Ушаков, прилетевший как раз 7 апреля, принял решение поставить в известность об этом правительство. [386]

Тов. Куйбышев телеграммой в адрес Шмидта и мой предложил: первому немедленно сдать руководство экспедицией, а мне — принять. Очевидно т. Куйбышев знал, что на Шмидта произведет тяжелое впечатление предложение покинуть лагерь не последним. Он прислал дополнительную телеграмму, в которой в очень теплых, дружеских выражениях убеждал Отто Юльевича покинуть льдину, уверяя, что общественность никогда его за это не осудит, что на спасательных операциях его преждевременный отлет ни в какой степени не отразится, что ни один из находящихся на льдине не будет отдан в жертву суровой стихии.

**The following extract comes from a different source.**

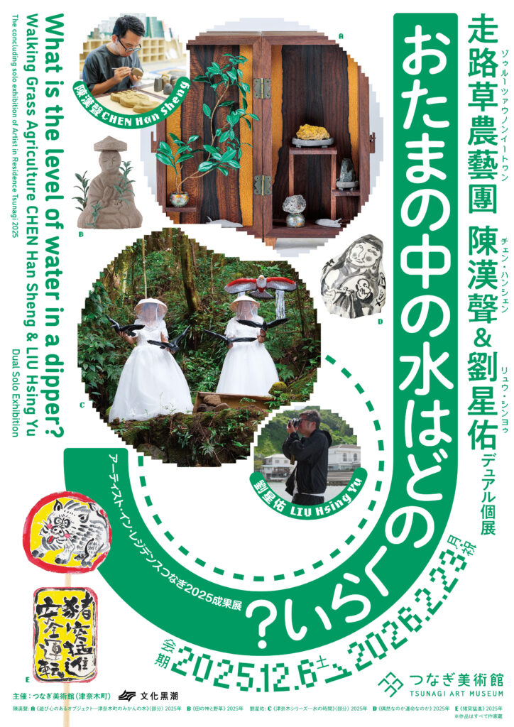 陳漢聲と劉星佑から成る台湾のアートユニット「走路草農藝團」は、8月から11月にかけて「アーティスト・イン・レジデンスつなぎ2025」の招聘作家として、津奈木町や近隣地域を中心とした熊本の風土や信仰、生態系と人の営みなどについてリサーチを重ね、新たな制作に取り組みました。

Когда я получил радиожурнал и прочел распоряжение Куйбышева, то в первый момент был ошеломлен: с одной стороны, я был очень рад, что жизнь Отто Юльевича может быть спасена, а с другой стороны, меня крайне озадачил способ осуществления этого распоряжения. Во-первых, нужно было выработать такой план действий, при котором спокойствие Отто Юльевича было бы ограждено полностью. Во-вторых, меня крайне волновала та ответственность, которая ложилась на меня с принятием руководства экспедицией.

Авторитет Шмидта у экспедиции был исключительный. Его любили и ценили и как начальника и как старшего друга, товарища. Его авторитет во всех отраслях науки в глазах научных работников был непоколебим. Высок его авторитет и как полярника. Замещать Отто Юльевича вообще трудно, а мне как молодому полярнику — особенно.

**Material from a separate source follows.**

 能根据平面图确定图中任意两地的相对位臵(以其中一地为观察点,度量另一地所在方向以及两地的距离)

Ободряло сознание, что коллектив, созданный Шмидтом и воспитанный нашей партийной организацией, поможет мне в этой трудной работе.

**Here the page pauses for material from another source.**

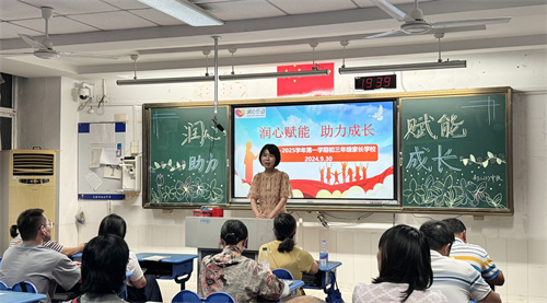 国庆节前夕,湖滨中学初中部积极响应教育部门的号召,为初一年级至初三的学生及其家庭策划了一场以“润心”为主题的家长学校系列活动。学校通过与家长进行深入对话和情感交流,在家校之间架起一座沟通的桥梁,共同关注孩子们的心理健康与全面发展,让每一位学生的内心都能沐浴在关怀与力量的阳光下。

К моменту отлета Шмидта в лагере оставалось всего человек тридцать. Мы были уверены, что при хорошей работе самолетов 12 апреля операции будут закончены. Так бы и вышло, если бы самолет Молокова не потребовал небольшого ремонта.

12 апреля к вечеру в лагере Шмидта осталось всего шесть человек: капитан Воронин, радисты Кренкель и Иванов, комендант аэродрома Погосов, боцман Загорский и я. Вечером оставшиеся в лагере вместе поужинали, составили план действий на следующий день и отобрали имущество, которое считали необходимым взять с собой. С Погосовым я договорился, что он даст к четырем часам утра условный сигнал о состоянии аэродрома и возможности приемки самолета, и он отправился к себе на аэродром. В лагере нас осталось пятеро. [387]

Загорский погрузил нарты, приготовил их к отправке утром и улегся спать во «дворце матросов». Я и Владимир Иванович поднялись на вышку. Долго, задрав головы, мы наблюдали за облаками и силились определить, какая будет завтра погода. Внизу отчетливо слышно было потрескивание льда. На южной стороне появились облачка, и ветер стихал.

Под конец каждый из нас сделался метеорологом и пытался давать прогноз погоды. И я, увидя дымку и наблюдая штиль, сделал вывод, что нужно ожидать какой-то перемены погоды. Хотелось знать, как скоро и какая наступит перемена. Я обратился к Воронину с вопросом:

— Как, Владимир Иванович, какую погоду можно ожидать на завтра?

И получил исчерпывающий ответ:

— А вот завтра увидим.

Но из этого ответа и хмурого вида капитана я сделал вывод, что хорошего ожидать не приходится.

Вырезали на память на вышке свои фамилии, слово «Челюскин», даты и спустились. [388]

При проходе через гряду, где был раздавлен «Челюскин», мы опять услышали треск льда.

Когда пришли в лагерь, какая-то необъяснимая радость и веселье напали на нас, и мы в пустом лагере пустились в пляс. Картина очевидно со стороны была жуткая: два уже не совсем молодых человека (в общей сложности нам около сотни лет) пустились откалывать «трепака», потом обнялись и расцеловались. И только тут я увидел удивленную физиономию Кренкеля, который был свидетелем этой непонятной для него сцены. Я убедил Кренкеля, что мы нормальны и просто дали отдушину нашим чувствам. Тут же Владимир Иванович взял с меня слово не разглашать эту неожиданную и непонятную сцену, что я, как видите, и делаю…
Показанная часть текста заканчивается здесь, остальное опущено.